A team of four will develop a service that allows you to check the current location of buses and the congestion status on the Web by analyzing the location information of buses circulating on campus and images inside the campus in a university independent study. became. The development of the whole team has settled down, and I posted it with the intention of summarizing the areas I was in charge of.
It may be difficult to understand because it focuses on the content that I was in charge of. I would be very grateful if you could report any points that are difficult to understand ** or points that should be corrected **.
Please refer to the material posted on slideshare for the contents of other personnel. Try developing a university circulation bus system as a team. The source code is on GitHub.
With this system I was in charge of developing the bus client. The role of the bus client is to measure the location information and congestion status of the bus. Sending the image on the bus to the API server. This is the role of the bus client in the entire system.

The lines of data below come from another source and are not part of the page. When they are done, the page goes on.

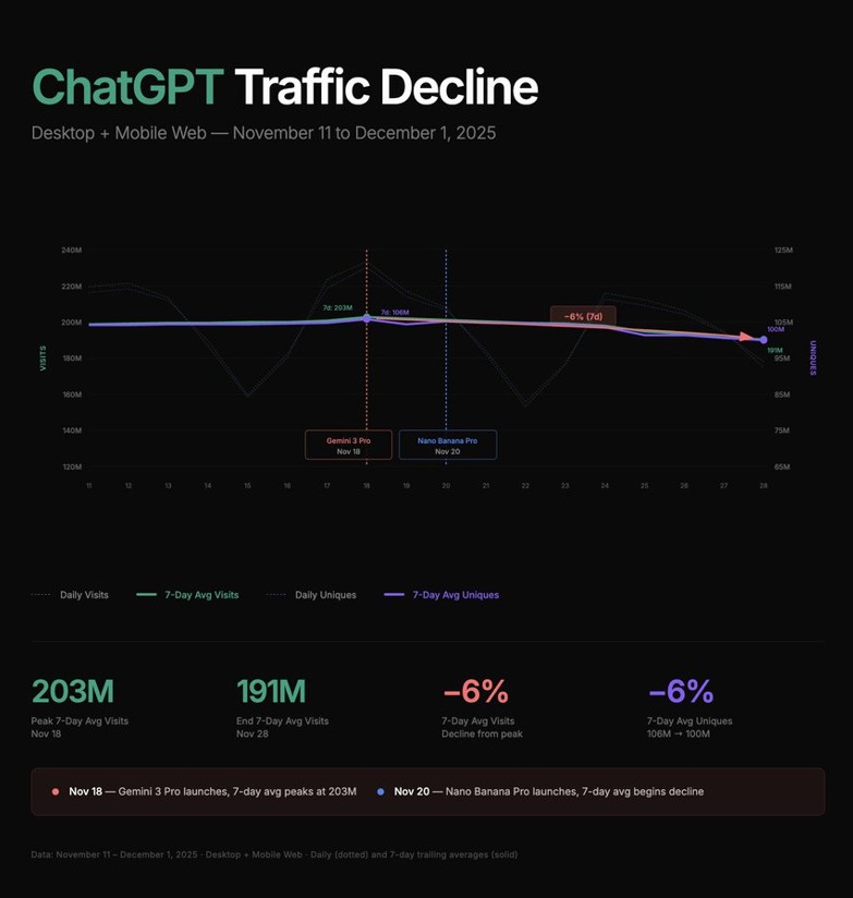 Ce choc de performance a exercé une pression tangible sur le «Complexe OpenAI». Sam Altman aurait diffusé une note interne de «code rouge» après le lancement de Gemini 3, reconnaissant la menace croissante posée non seulement par Google, mais aussi par Claude d’Anthropic. Les données SimilarWeb montrent que le trafic de ChatGPT a chuté d’environ 6 % dans les semaines suivant l’arrivée de Gemini 3, passant de 203 millions à 191 millions de visites quotidiennes.
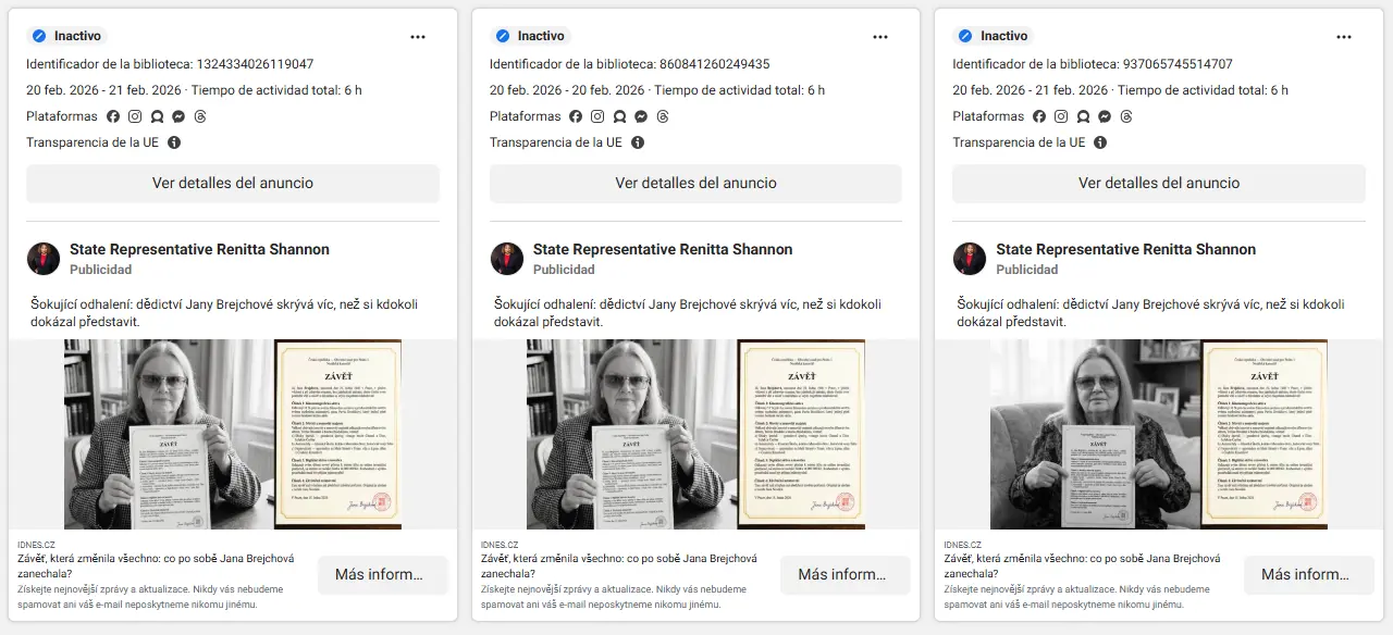 Hemos detectado 170 cuentas de Facebook con el tic azul de verificación que, en los primeros tres meses de 2026 y solamente en Europa, publicaron más de 67.000 anuncios fraudulentos según los datos del repositorio de Meta. A lo largo de todo su periodo de actividad, estas cuentas han publicado más de 110.000 anuncios sólo en el continente, aunque hemos detectado que también han publicado anuncios fuera de Europa que Meta no los incluye en su repositorio una vez que pasan a estar inactivos.
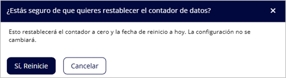 Haga clic en restablecer datos para reiniciar el contador de datos.
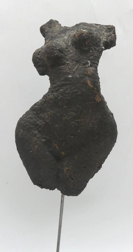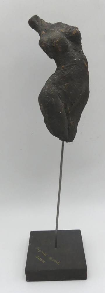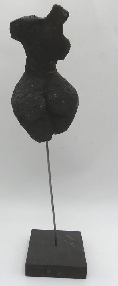 weiblicher Torso, sign, Ingrid Wölk, 2002, Ton auf Holzständer, H-33 cm [1]
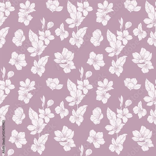 Floral seamless pattern with Sakura. Cherry Blossom background. Eco background. Cherry Blossom and greenery hand drawn line art design. Elegant seamless background minimalist style

A bus client is realized by developing an Android application with the following three functions and installing an Android terminal on which the application is installed in the bus.
The contents of JSON data (left: location information, right: image information).
--Integrated development environment: Android Studio --Language used: Java --Android device used: VAIO Phone A VPA0511S
tamabus ├ AndroidManifest.xml ├ MainActivity.java ├ UploadTask.java ├ activity_main.xml ├ colors.xml ├ strings.xml └ styles.xml
--AndroidManifest.xml: A file that describes the permissions to use --MainActivity.java: The program described here works. --UploadTask.java: Asynchronous communication processing class when posting data to the server --activity_main.xml: File that describes the layout of the application screen --colors.xml, strings.xml, styles.xml: Files that contain information such as colors, character strings, and formats used in the app.
The following is the screen of the app. The camera is always activated and it continues to be projected on the TextureView object, which is an Android GUI component. Below the TextureView object, blue letters represent latitude and red letters represent longitude. Below the latitude and longitude, the elapsed time since the app was launched is shown. The elapsed time is updated every 10 seconds, and when the elapsed time is updated, it can be seen that the position information and the image information have been transmitted.
The flow after launching the app is as follows. After initializing the variables, etc., check whether the location information authority and camera use authority are permitted. If both permissions are allowed, the flow from "Get location information from GPS" to "Post encoded image" is looped every 10 seconds.
At the beginning of development, I thought that automatic shooting with a camera could use the Intent class function of Android Studio to call a genuine camera app and shoot automatically with the launched camera app. However, it turns out that the genuine camera app can't take pictures unless someone presses the shutter, and it can't take pictures automatically. How to get the image in the bus was the biggest issue at the beginning of development.
The image taken on the bus client side is encoded with Base64, and the image data converted into a character string is sent to localhost in the test. The receiving side succeeded in receiving the character string of the image data, but could not decode the character string.
I was looking for information on how to get an image other than launching the genuine camera app and pressing the shutter to shoot, but I couldn't find it. So I thought that I could find it if I searched for information in English, and when I searched for information in English, I captured what was in the camera into the TextureView object of the GUI component, and captured the image that was transferred to the TextureView object in a certain period of time. I found a method called, and I was able to solve the problem with this method.
If I decoded it on the Android side before sending the encoded character string, it could be decoded correctly, so I guessed that Post might be the cause. After investigating, I found that the + symbol in the posted character string was replaced with a half-width space. I sent the data to localhost in the test. The red line below is the part converted to a half-width space.
The problem was solved by creating a program that replaces the half-width space included in the character string received on the server side with the + symbol.
We built an environment on localhost to display JSON data of location information and image information received by XAMPP. You can see that the data can be sent correctly.
The bus client that I am in charge of has been completed, so I plan to help with image analysis that analyzes the degree of congestion from the transmitted images. I would like to adjust the schedule with the members, resume development, and bring it to operation.